Problem statement:
Find the line below with "Calvin Klein Jeans" and the line with "萩市の長門峡の代表銘柄で有名". Output them and the lines between, exactly, but not the pictures.

Dataset records:
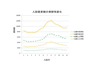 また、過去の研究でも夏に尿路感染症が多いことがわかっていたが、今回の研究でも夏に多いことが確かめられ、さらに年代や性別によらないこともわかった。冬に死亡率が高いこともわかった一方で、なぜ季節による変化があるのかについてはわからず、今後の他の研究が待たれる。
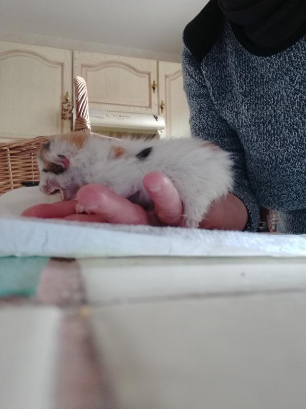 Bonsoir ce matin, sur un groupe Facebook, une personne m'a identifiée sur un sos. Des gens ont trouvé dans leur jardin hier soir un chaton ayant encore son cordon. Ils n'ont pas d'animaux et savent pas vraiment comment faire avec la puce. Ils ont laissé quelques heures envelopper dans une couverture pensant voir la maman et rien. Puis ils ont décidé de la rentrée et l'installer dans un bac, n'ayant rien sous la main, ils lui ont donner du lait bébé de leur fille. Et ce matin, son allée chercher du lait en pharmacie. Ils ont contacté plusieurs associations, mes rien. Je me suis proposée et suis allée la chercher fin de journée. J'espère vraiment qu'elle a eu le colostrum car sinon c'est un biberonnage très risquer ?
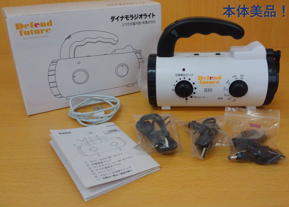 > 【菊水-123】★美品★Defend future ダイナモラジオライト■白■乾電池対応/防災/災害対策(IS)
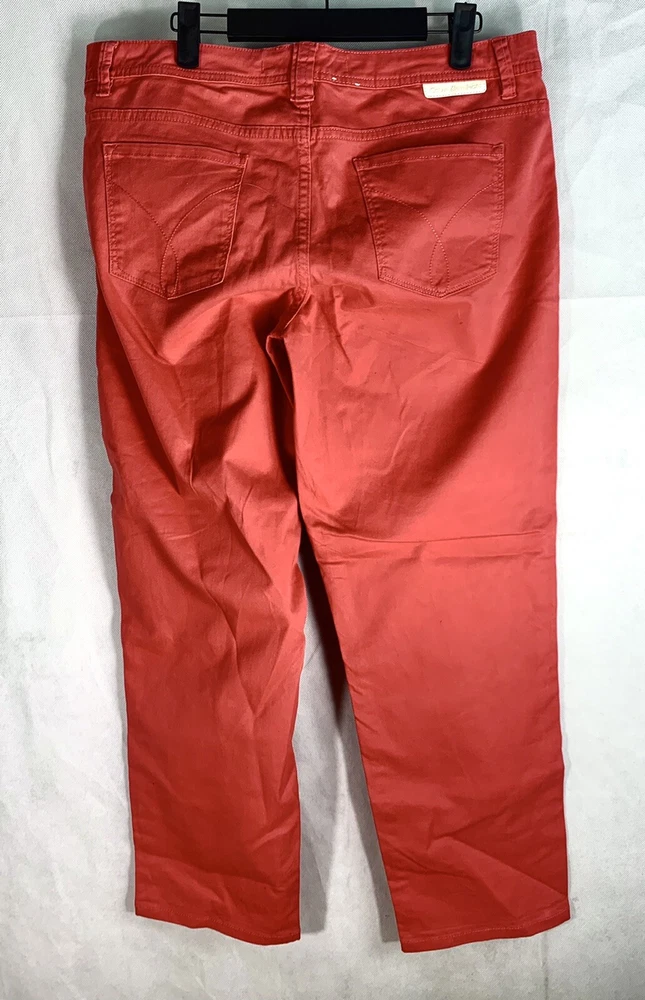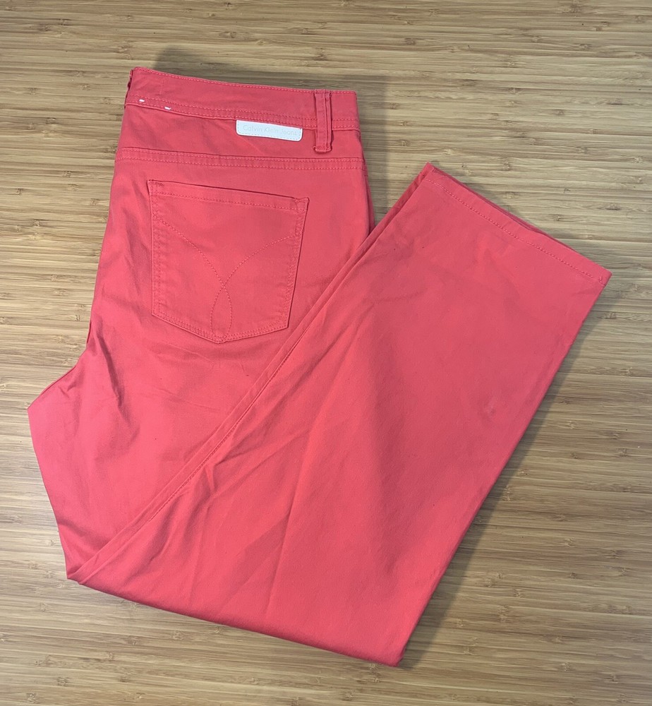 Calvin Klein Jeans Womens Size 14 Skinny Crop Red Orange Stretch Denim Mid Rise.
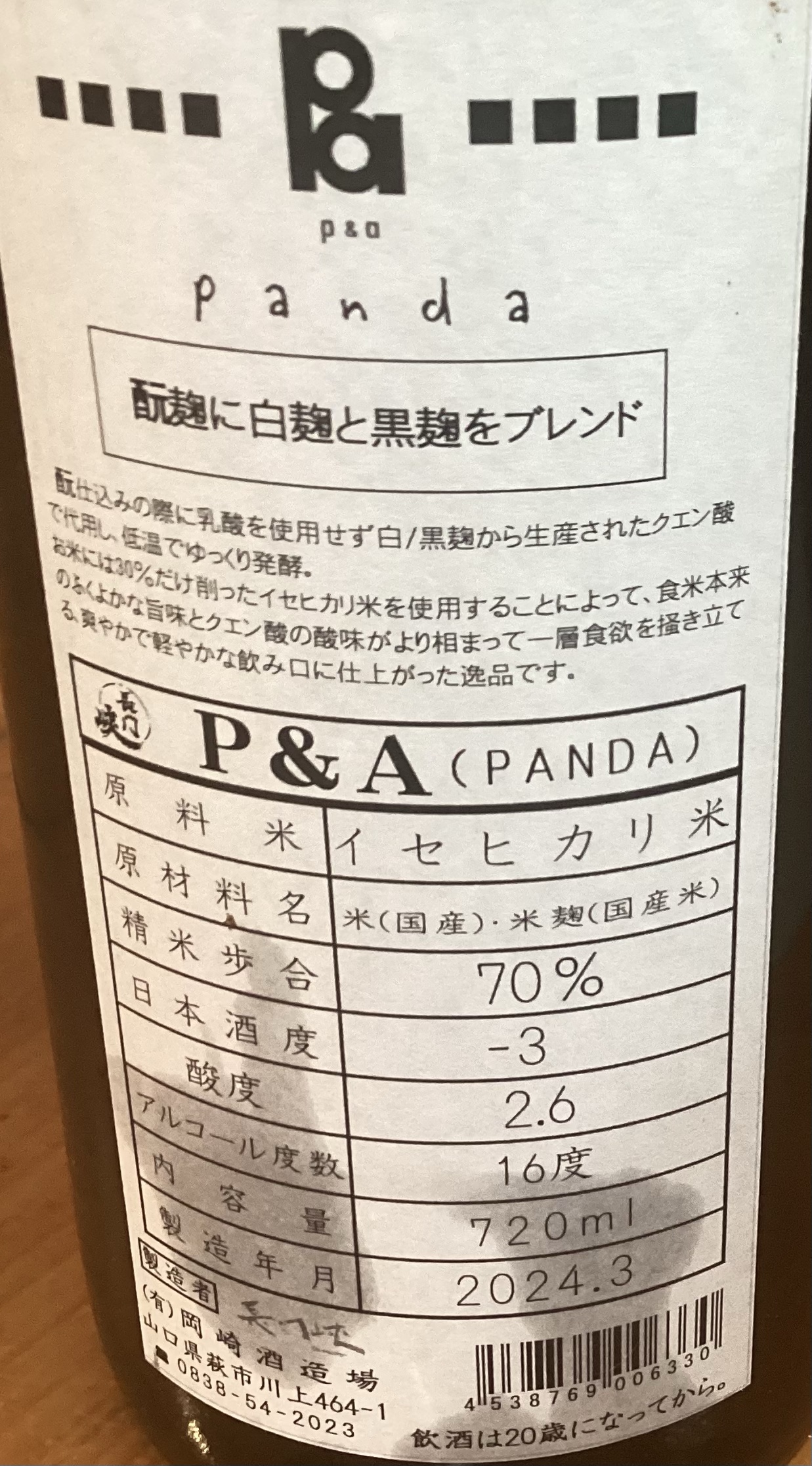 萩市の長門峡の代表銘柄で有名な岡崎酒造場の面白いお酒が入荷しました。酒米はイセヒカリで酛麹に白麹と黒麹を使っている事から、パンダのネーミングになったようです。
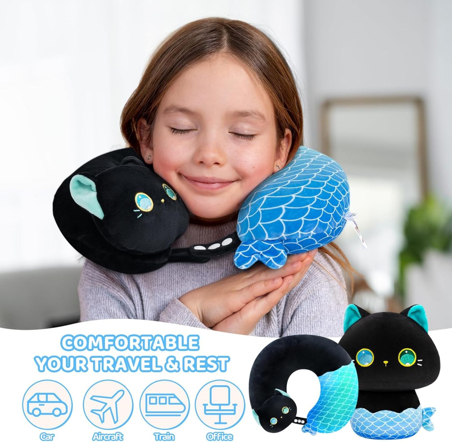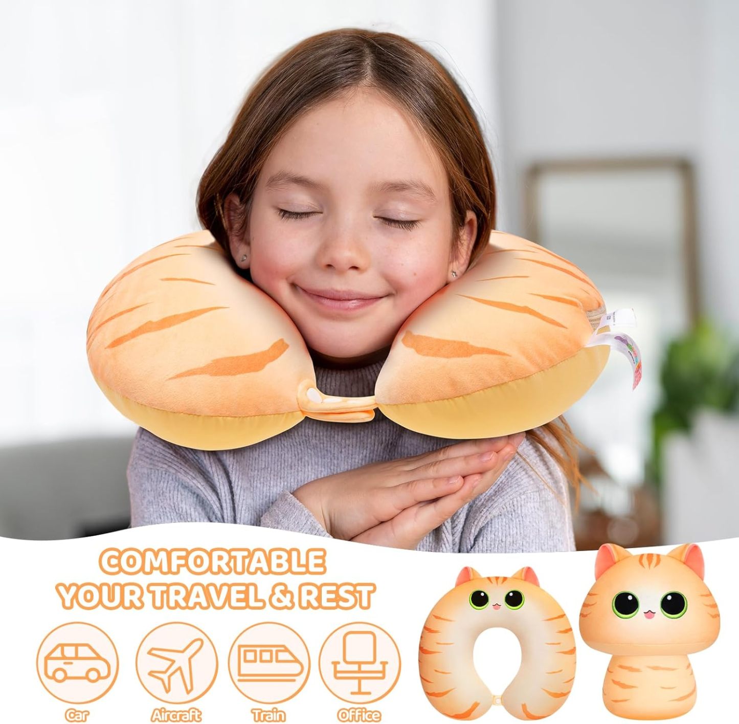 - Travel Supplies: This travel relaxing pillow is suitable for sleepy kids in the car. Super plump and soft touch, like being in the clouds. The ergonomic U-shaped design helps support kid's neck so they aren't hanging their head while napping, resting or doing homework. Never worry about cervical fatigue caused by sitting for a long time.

Your response:
 Calvin Klein Jeans Womens Size 14 Skinny Crop Red Orange Stretch Denim Mid Rise.
 萩市の長門峡の代表銘柄で有名な岡崎酒造場の面白いお酒が入荷しました。酒米はイセヒカリで酛麹に白麹と黒麹を使っている事から、パンダのネーミングになったようです。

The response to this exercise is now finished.